People Never Listen

A rather large round woman is sat across the way form me complaining how she struggles to loose weight.

Even though I am devoid of any emotion, my intellect is still intact. This is a dangerous thing… She is say pouring 3 packets of sugar in to her hot chocolate and eating a muffin. Is there any wonder she looks the way she does.

I bite my tongue as she continues to moan and bitch.

Eventually she notices me attire. I know what is coming, I am silently begging her not to speak to me, not to ask me the inevitable question I know she will ask.

“Excuse me.”

I smile and look up reluctantly.

“You look like you’re in to fitness. I struggle to loose weight, what can I do?”

My head spins with a thousand words. I could say so  much. I could give her the anecdotal advice she wants and appease her need to validate her current physical condition or I could scold her with the harsh truth and shatter her.

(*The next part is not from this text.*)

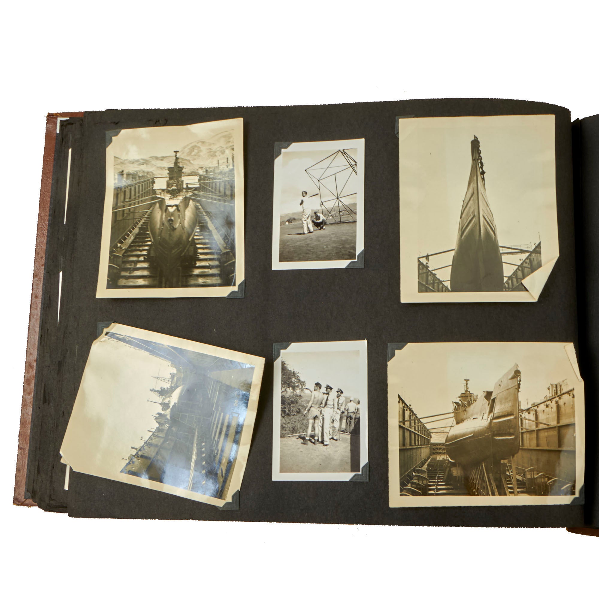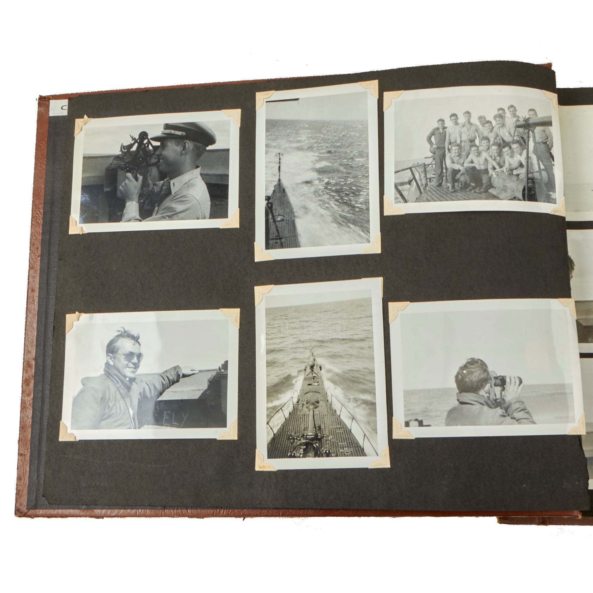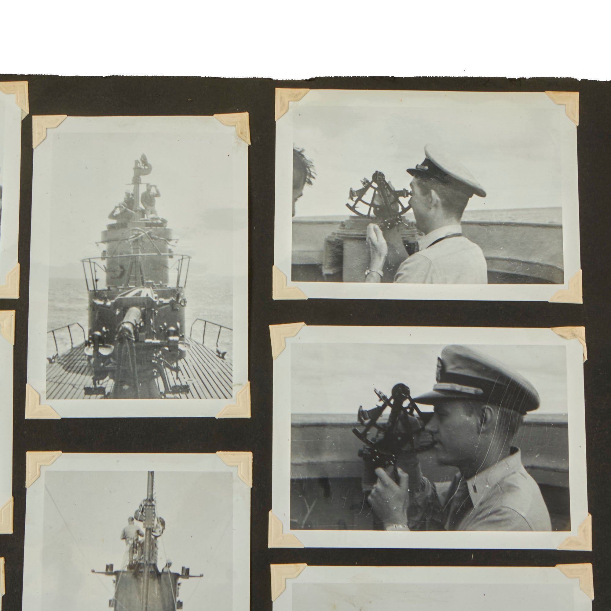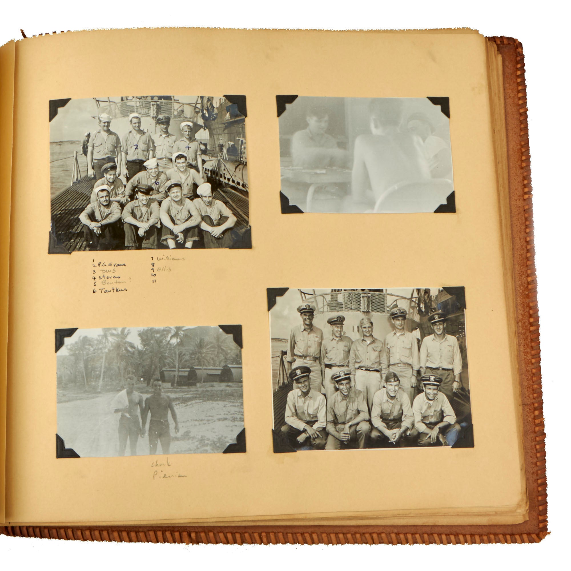 The first album, which is the larger 11½ x 15½” album, contains 225 photographs. These include photos of men aboard the Raton, with “The Last of the Aleuts” painted on the side, an interesting reference. There are many photos of men using a sextant, looking towards the land, many photos of the open sea through the spyglass of the submarine, photos of the tropical places they visited, places they stayed on leave, photos of officers and women in the places they visited. There are photos of the submarine on a dry dock, and some larger photos of officers and crew.

Keeping a logical mind I simple smile and say “Move a little more and eat a little less refined food.” then I ace my headphones in and return to my work.

Seemingly dissatisfied with  my answer she beckons my attention again.

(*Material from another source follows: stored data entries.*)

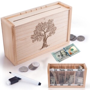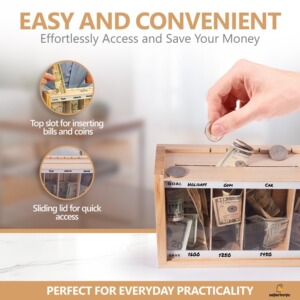 木製貯蓄ボックス現金銀貨コンパートメント貯蓄ボックス子供の貯蓄チャレンジボックス取り外し可能なパーティション貯金箱
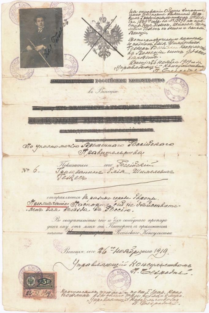 | osservazioni | Nella didascalia presente nel libro "Il posto delle capre" si sottolinea che il passaporto che Elia Gesess ottenne nel 1919 dal Consolato di Russia a Venezia "è scritto nella lingua russa usata prima della riforma ortografica del 1918, ora di difficile lettura". Inoltre nel documento è cancellata l'aquila imperiale. |
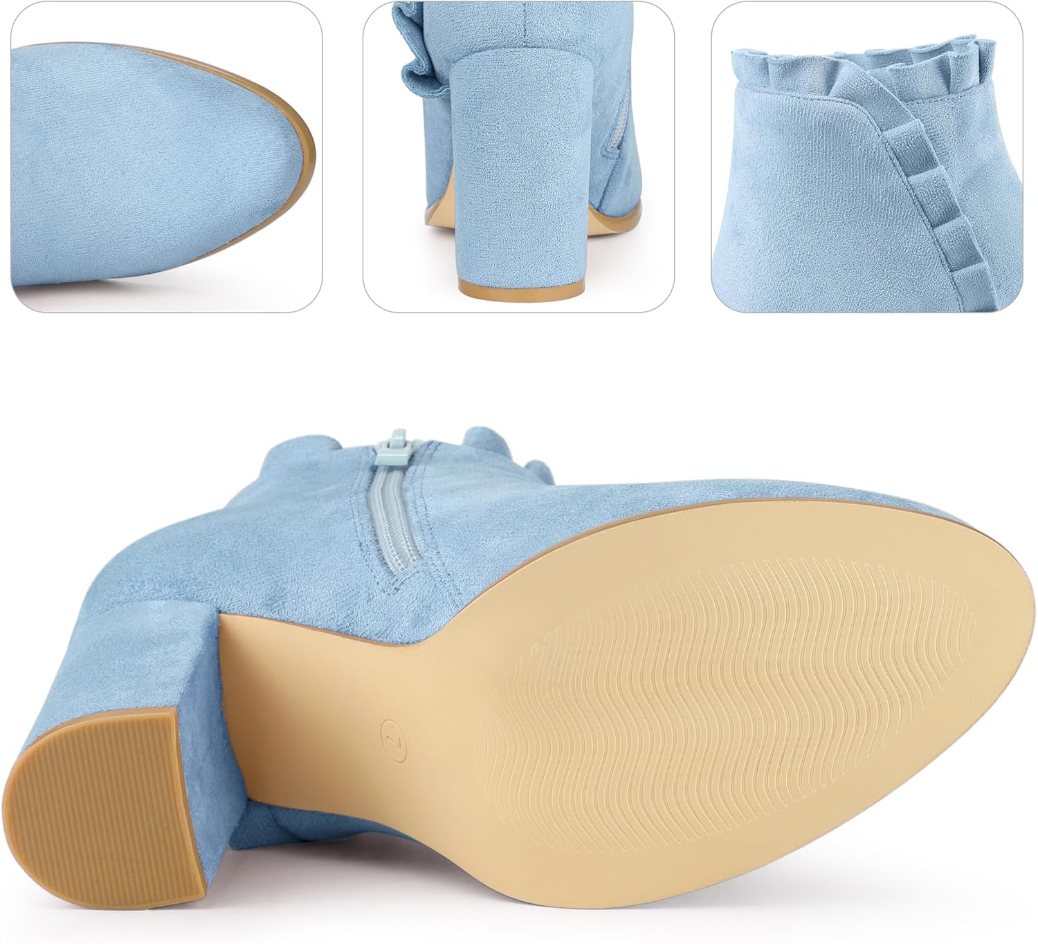 [ Подходит для разных случаев ]: Эти ботильоны выполнены в основном из мягкого верхнего слоя из искусственной замши и прочной противоскользящей резиновой подошвы, классический, но элегантный и эргономичный дизайн, вы не будете уставать, носив их весь день

“I don’t eat that much and I’m on my feet all day, do you think I have a thyroid problem?”

I have no patience for these silly games. I decide to tell her the truth.

“You’re sat eating a muffin and drinking a hot chocolate with 3 packets of sugar in it and you wonder why you’re not losing weight?”

Her face drops…

“I could tell you what you want to hear, I can even tell you what you need to hear but none of it will matter because you won’t change a thing about your life. The simple answer to your problem is to find out what is really important to you. How you look or how you feel. Personally I don’t care if a person is skinny, fat, muscular or whatever. If they are happy and I mean truly happy within themselves then they won’t care either. Perhaps instead of look for answers externally you should first look internally, then you might understand.”

It’s safe to say she didn’t ask for my opinion again.

I feel so frustrated by this world. People need everyone else to fix their problems, or seek answers for questions they don’t understand. If only we would look in to ourselves first then half of our problems would disappear.

The rest of today shall be spent in isolation, no one else needs to feel the cut of my sharp tongue.